Swirling combustion is widely applied in various applications such as gas turbines, utility boilers or waste incinerators. This article contributes to the ongoing research by providing experimental data that are gathered in the mixing zone of a lifted swirling premixed natural gas flame. The objective of this paper is fivefold: (1) to introduce the lifted swirling flame featuring low NOx emissions (2) to provide experimental data such as major species distributions, temperature and streamlines of the flow pattern, (3) to report on velocity bias in probability density function (PDF) distributions and to present PDF sequences of velocities in medium scale swirling flows, (4) to make an assessment on the local small-scale turbulence that is present in the swirling mixing layer and (5) to provide new experimental data for model verification and development.
The PDFs are corrected in order to compensate for the velocity bias phenomenon, which is typical for randomly sampled LDA data. Sequences of axial PDF data are presented and measurement locations of interest are selected to look at the PDF characteristics of the internal and external recirculation zones, the mixing layer and the onset of the reacting flow into detail. The mixing layer PDFs covered a wide velocity range and revealed bimodality; even the concept of multi-modality is suggested and explored.

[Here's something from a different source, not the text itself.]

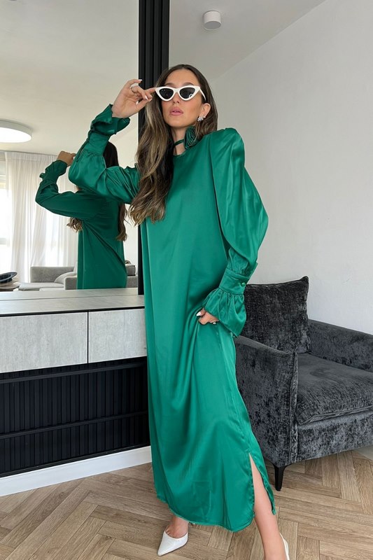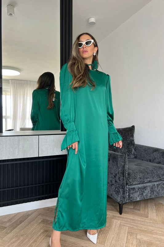 דף הבית  / מוצרים / New collection / שמלת מקסי סאטן דגם ארין ירוק

Analysis showed that a sum of two Gaussian distributions can accurately envelop the experimental PDFs. The reason for this broadband turbulence behavior is to be found in combination of precessing and flapping motion of the flow structures, and also in combustion generated instabilities of the lifted flame. As a result, the flame brush is wide (large scale motion) and the mixing (small-scale turbulence) flattens any high temperatures in the combustion process.

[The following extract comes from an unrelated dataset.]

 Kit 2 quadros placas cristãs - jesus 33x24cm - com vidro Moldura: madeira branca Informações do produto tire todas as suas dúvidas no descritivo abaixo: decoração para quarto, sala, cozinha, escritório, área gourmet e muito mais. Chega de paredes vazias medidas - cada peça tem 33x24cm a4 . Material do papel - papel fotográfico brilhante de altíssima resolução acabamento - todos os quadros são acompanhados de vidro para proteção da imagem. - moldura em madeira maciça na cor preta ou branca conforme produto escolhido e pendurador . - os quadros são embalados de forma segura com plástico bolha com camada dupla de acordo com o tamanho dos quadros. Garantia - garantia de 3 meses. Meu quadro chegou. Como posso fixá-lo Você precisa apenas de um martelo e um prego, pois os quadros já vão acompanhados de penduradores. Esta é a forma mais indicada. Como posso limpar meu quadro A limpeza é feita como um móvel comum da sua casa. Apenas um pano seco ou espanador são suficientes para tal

The multi-scale turbulence concept is subsequently used to make an assessment of the local turbulence characteristics in the mixing layer. The idea is that the PDFs capture both contributions of the flow-inherent fine grain turbulence (u′l) which is superposed on slow large scale fluctuating structures. It is this u′l that will be of interest in continued research on the classification of the lifted flame into a combustion regime diagram (e.g. Borghi diagram). Finally, the bimodality character in reacting flows and the prediction of large-scale structures may be a challenge for LES researchers.